Required action -
Apart from the images, reproduce all of the data word for word.

● ● ●

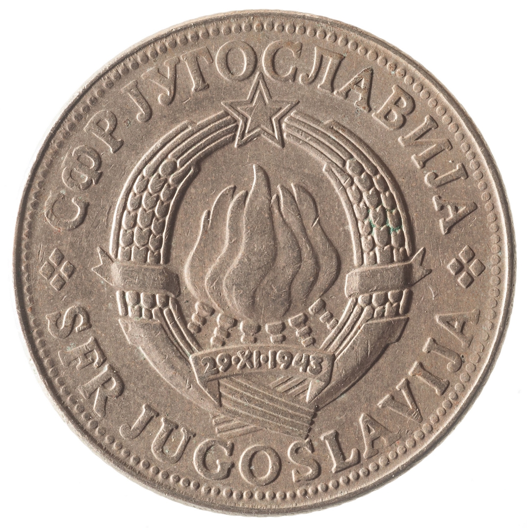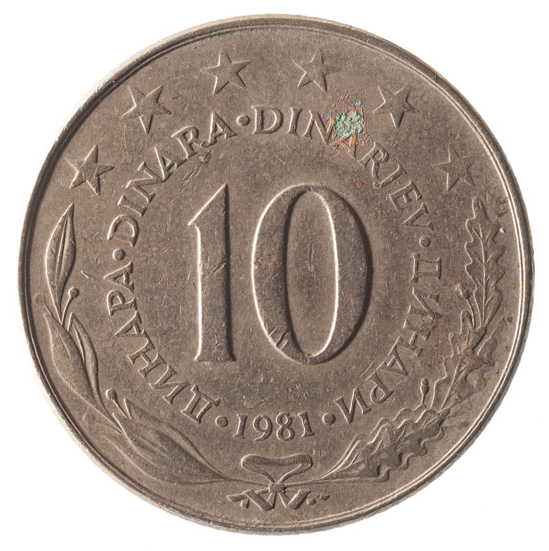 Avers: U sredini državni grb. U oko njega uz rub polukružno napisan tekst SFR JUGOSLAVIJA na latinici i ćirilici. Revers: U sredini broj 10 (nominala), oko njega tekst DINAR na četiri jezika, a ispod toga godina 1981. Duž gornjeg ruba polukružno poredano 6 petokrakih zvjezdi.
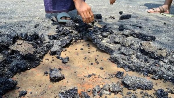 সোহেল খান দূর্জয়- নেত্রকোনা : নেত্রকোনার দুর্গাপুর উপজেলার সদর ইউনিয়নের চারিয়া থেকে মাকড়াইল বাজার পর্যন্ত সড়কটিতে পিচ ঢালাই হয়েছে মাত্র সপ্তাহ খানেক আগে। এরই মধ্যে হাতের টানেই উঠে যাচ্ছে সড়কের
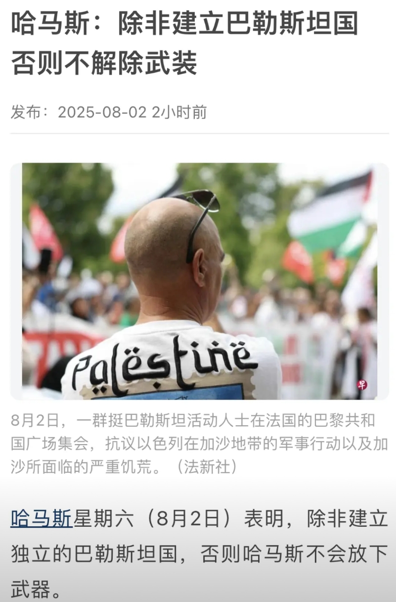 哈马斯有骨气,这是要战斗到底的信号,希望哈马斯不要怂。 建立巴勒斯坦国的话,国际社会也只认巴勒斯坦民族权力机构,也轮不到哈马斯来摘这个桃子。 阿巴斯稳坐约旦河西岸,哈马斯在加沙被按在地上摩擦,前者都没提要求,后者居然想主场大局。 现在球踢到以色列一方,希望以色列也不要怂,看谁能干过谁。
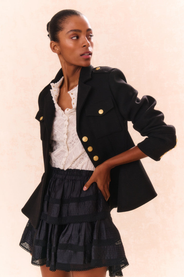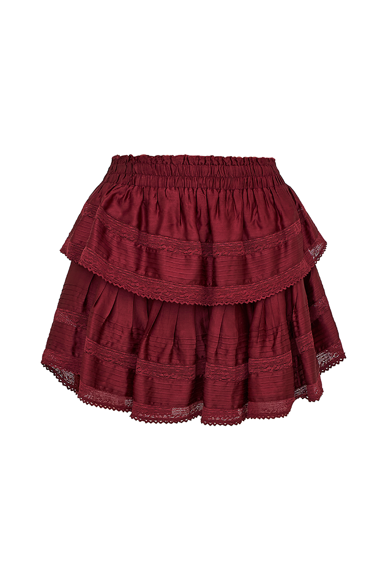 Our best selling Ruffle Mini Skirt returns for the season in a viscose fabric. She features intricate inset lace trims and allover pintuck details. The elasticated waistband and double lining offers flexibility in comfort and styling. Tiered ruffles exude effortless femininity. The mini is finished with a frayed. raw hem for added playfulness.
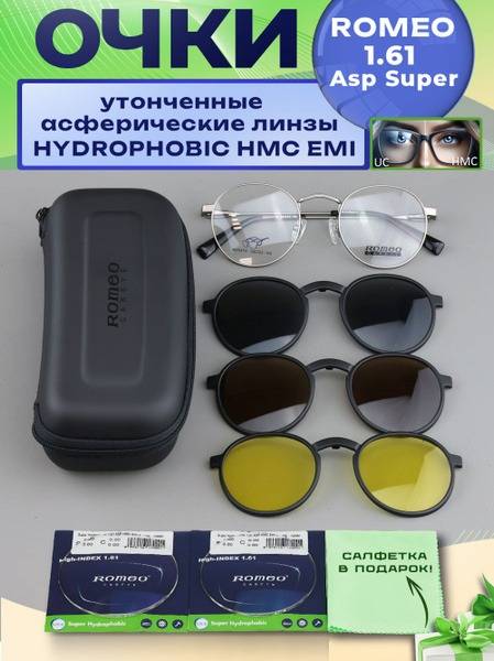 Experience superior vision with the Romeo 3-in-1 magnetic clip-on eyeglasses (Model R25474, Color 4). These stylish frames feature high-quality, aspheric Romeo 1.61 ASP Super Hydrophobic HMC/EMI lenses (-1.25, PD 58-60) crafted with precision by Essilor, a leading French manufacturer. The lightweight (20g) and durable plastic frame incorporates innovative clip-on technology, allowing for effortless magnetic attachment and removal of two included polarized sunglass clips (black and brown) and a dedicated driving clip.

● ● ●

Completed task -
 Avers: U sredini državni grb. U oko njega uz rub polukružno napisan tekst SFR JUGOSLAVIJA na latinici i ćirilici. Revers: U sredini broj 10 (nominala), oko njega tekst DINAR na četiri jezika, a ispod toga godina 1981. Duž gornjeg ruba polukružno poredano 6 petokrakih zvjezdi.
 সোহেল খান দূর্জয়- নেত্রকোনা : নেত্রকোনার দুর্গাপুর উপজেলার সদর ইউনিয়নের চারিয়া থেকে মাকড়াইল বাজার পর্যন্ত সড়কটিতে পিচ ঢালাই হয়েছে মাত্র সপ্তাহ খানেক আগে। এরই মধ্যে হাতের টানেই উঠে যাচ্ছে সড়কের
 哈马斯有骨气,这是要战斗到底的信号,希望哈马斯不要怂。 建立巴勒斯坦国的话,国际社会也只认巴勒斯坦民族权力机构,也轮不到哈马斯来摘这个桃子。 阿巴斯稳坐约旦河西岸,哈马斯在加沙被按在地上摩擦,前者都没提要求,后者居然想主场大局。 现在球踢到以色列一方,希望以色列也不要怂,看谁能干过谁。
 Our best selling Ruffle Mini Skirt returns for the season in a viscose fabric. She features intricate inset lace trims and allover pintuck details. The elasticated waistband and double lining offers flexibility in comfort and styling. Tiered ruffles exude effortless femininity. The mini is finished with a frayed. raw hem for added playfulness.
 Experience superior vision with the Romeo 3-in-1 magnetic clip-on eyeglasses (Model R25474, Color 4). These stylish frames feature high-quality, aspheric Romeo 1.61 ASP Super Hydrophobic HMC/EMI lenses (-1.25, PD 58-60) crafted with precision by Essilor, a leading French manufacturer. The lightweight (20g) and durable plastic frame incorporates innovative clip-on technology, allowing for effortless magnetic attachment and removal of two included polarized sunglass clips (black and brown) and a dedicated driving clip.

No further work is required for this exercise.